[Opening The records section]

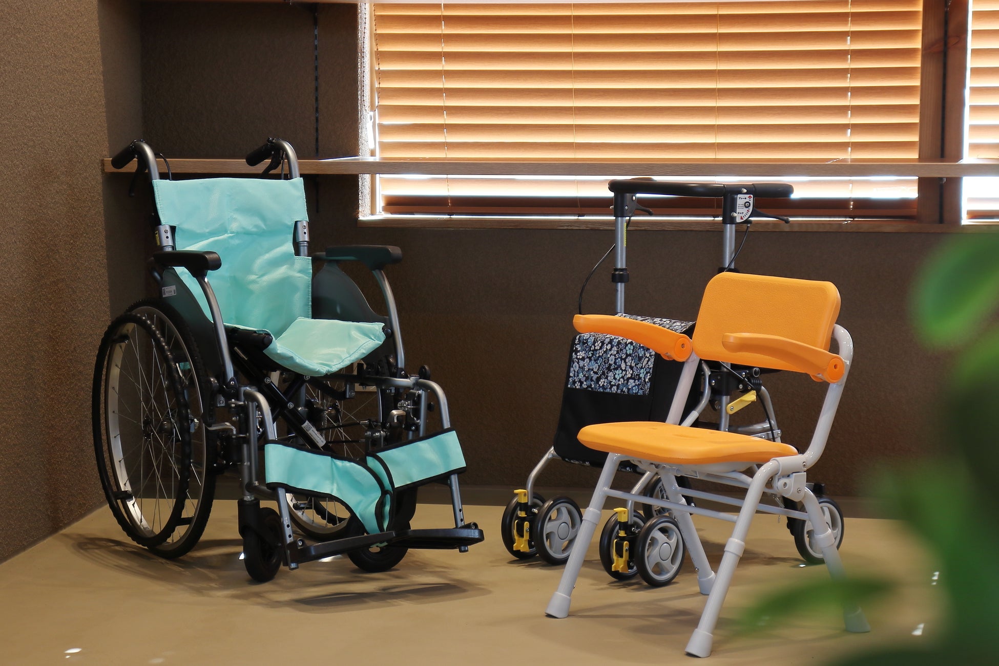 同店は当社の旗艦店としての機能も有しております。展示のメインとなるのは、当社(パナソニック エイジフリーショップ岡崎)で取り扱っている車椅子や杖などの福祉用具。お客様は実際に福祉用具に触れたり、使用感をお試しいただくことができます。
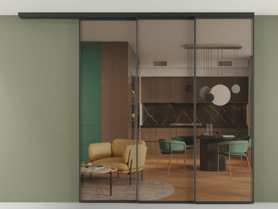 Во всех алюминиевых перегородках, независимо от типа установки, используется компланарный раздвижной механизм, благодаря которому декоративная крышка и полотно находятся в одной плоскости.
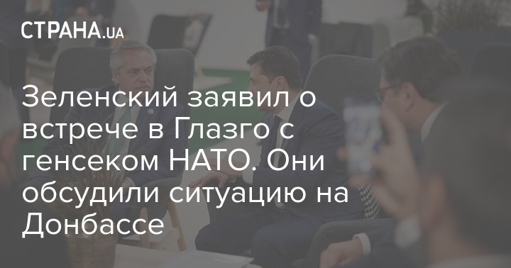Президент Украины Владимир Зеленский, который находится в шотландском городе Глазго на Конференции ООН по изменению климата COP26, пообщался с генеральным секретарем Североатлантического Альянса (НАТО) Йенсом Столтенбергом. Стороны обсудили ситуацию на Донбассе.
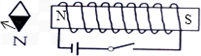 如图所示,请标出开关闭合后螺线管的南北极并画出放在其左侧的小磁针的转动方向.
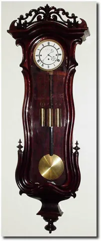C.1860, Austrian, 3-Wt, Grand Sonnerie Wall regulator in very good to excellent original condition. This is a very attractive serpentine clock; note the fretted top was recently repaired and repolished by a good cabinet maker; repairs disguised with black paint. Some scratches inside, on the case where it was transported with the weights in, will need attention. The well made 72 beat movement retains original dial, hands, pulleys, weights, etc. Note the chapter ring has two spider cracks (but no chips) signature unreadable. Pendulum is good with no dents and painted beat scale is original (some paint loss); good old crank as well; key lock case. Note superb pulleys with petal shaped spokes. Despite flaws, a very good clock; height 53'
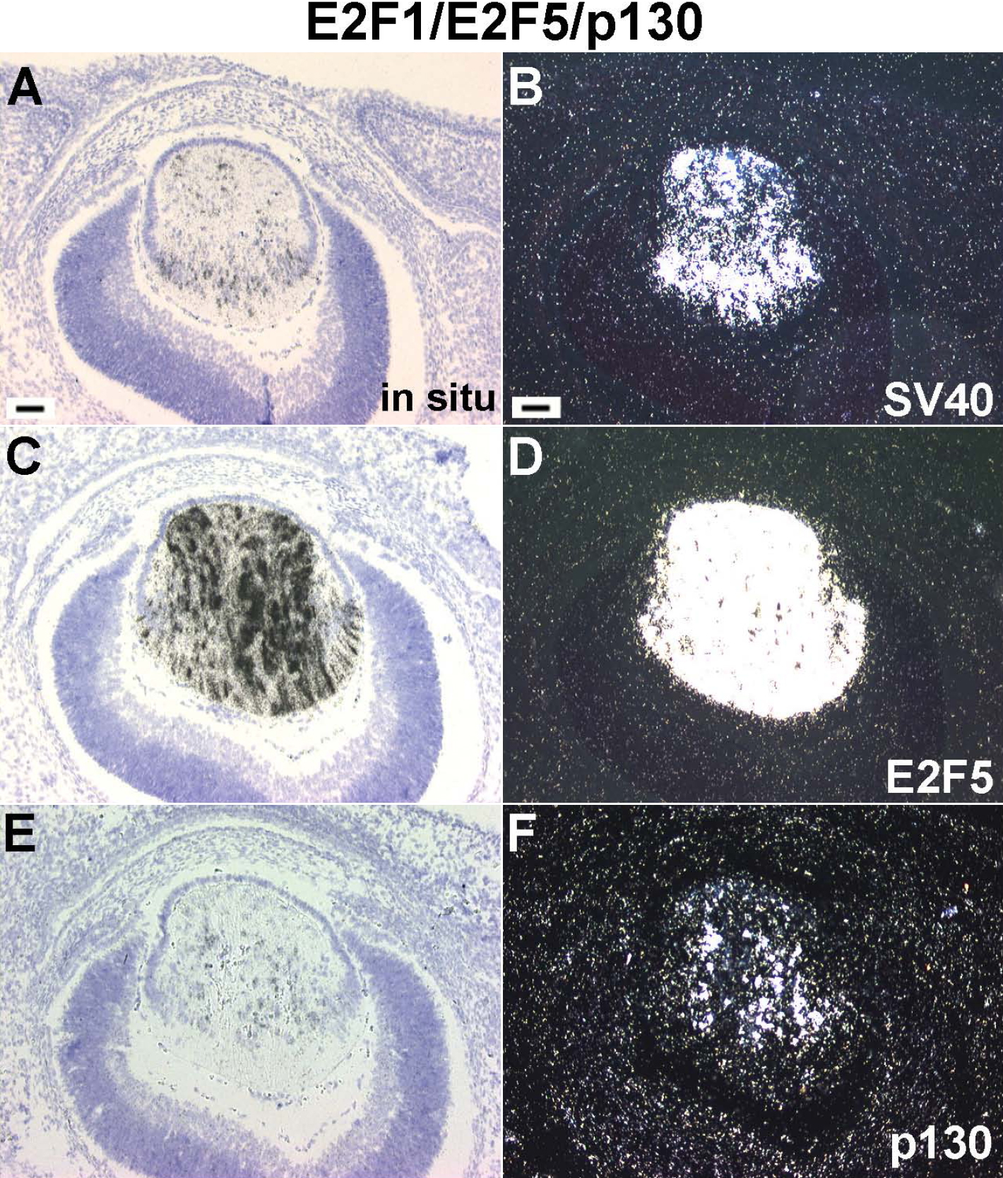 and p130 transgenes using SV40 (for E2F1), human E2F5 and mouse p130 riboprobes. Bright-field (A, C, E) and dark-field (B, D, F) images are shown. The transgenes were expressed specifically in lens fiber cells. Transcription signals of p130 (F) were much weaker than the E2F1 (B) and E2F5 (D) transgenes. Scale bars=500 μm.

[Closing The records section]

Prompt: Word for word, retype the lines in the entries above that run from the one with "Президент Украины Владимир" through the one with "如图所示,请标出开关闭合后螺线管的南北极并画出放在其左侧的小磁针的转动方向.". Both ends count; pictures do not.

Answer space:
Президент Украины Владимир Зеленский, который находится в шотландском городе Глазго на Конференции ООН по изменению климата COP26, пообщался с генеральным секретарем Североатлантического Альянса (НАТО) Йенсом Столтенбергом. Стороны обсудили ситуацию на Донбассе.
 如图所示,请标出开关闭合后螺线管的南北极并画出放在其左侧的小磁针的转动方向.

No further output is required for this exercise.